専攻科は「研究を続けながら考えたい人」に向く
専攻科の強みは、本科から始めた研究を止めずに、進路を考える時間を2年間確保できることです。
自分も本科卒業時点では、行きたい企業も、将来やりたい仕事も明確ではありませんでした。ただ、研究自体は面白く、もう少し続けたいという気持ちはありました。
「決められないから残る」だけでは弱いですが、「研究・学会・院試準備に2年間を使う」と決めれば、専攻科は大きな助走期間になります。
専攻科を選ぶ主なメリット
研究を継続しやすい
本科で集めたデータや作った装置を引き継ぎやすく、成果を学会発表や論文へつなげやすいです。
学費を抑えやすい
国立高専の専攻科は、一般的な大学への編入より生活環境を変えずに済む場合が多く、総費用を抑えやすいです。
院試の準備時間を取りやすい
研究テーマと志望研究室を照らし合わせながら、大学院選びを進められます。
教員との関係を継続できる
自分の強みや研究過程を知る先生から、進学相談や推薦書の支援を受けやすいです。
逆に、専攻科が向かない人
現在の高専生活や研究室そのものを変えたい人には、専攻科が合わない可能性があります。
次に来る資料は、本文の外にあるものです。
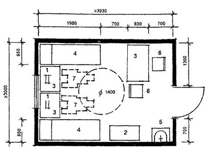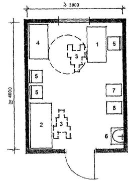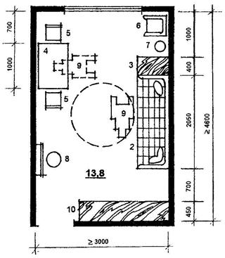 На рис. 3.1 приводится принципиальная схема функциональной взаимосвязи отдельных групп помещений дома-интерната для детей-инвалидов и престарелых, согласно которой все группы помещений изолированы и равноценно связаны между собой через нейтральную зону. На практике обеспечить всем группам помещений необходимую изоляцию достаточно сложно. Поэтому допустимо некоторые группы помещений, исключая спальные, предусматривать проходными. Наиболее безболезненно для нормального функционирования учреждения проходными могут быть административно-бытовые, медицинские помещения, помещения учебно-профессиональной подготовки и культурно-массового и оздоровительного назначения.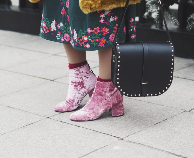 I also thought I would wear this cute embroidered skirt I bought from Zara. The length is just perfect for winter and I thought the floral design was just adorable and the green totally works too.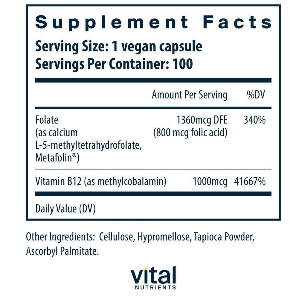 Buy Vital Nutrients B-12/Methyl Folate 1000mcg/800mcg - 100 Capsules for $29.99 at @ Beautifiedyou.com

同じ校舎、同じ教員、近い人間関係が続くため、「大学へ行けば新しい自分になれる」と考えている人には物足りなく感じやすいです。
- 今の研究テーマを続けたくない
- 大学の授業やサークルを経験したい
- 学部段階から希望大学の看板を持ちたい
- 専門を大きく変えたい
この項目に強く当てはまるなら、編入を前向きに検討した方が納得しやすいです。
専攻科の2年間を無駄にしない使い方
入学前に「2年後の出口」を仮決めする
就職か院進かを完全に決める必要はありません。ただ、いつまでに判断するかは決めておきます。
研究成果の目標を数字で置く
学会発表、受賞、論文、共同研究など、卒業時に説明できる成果を一つ以上作ります。
高専の外へ出る
学会、インターン、共同研究、大学院説明会を使い、同じ環境に残る弱点を補います。
院試科目は早めに確認する
研究が忙しくなってから始めると間に合わないため、志望校の試験科目を1年目から確認します。
専攻科を選ぶ判断基準
専攻科は「楽だから残る場所」ではなく、研究と進路選択の時間を買う場所です。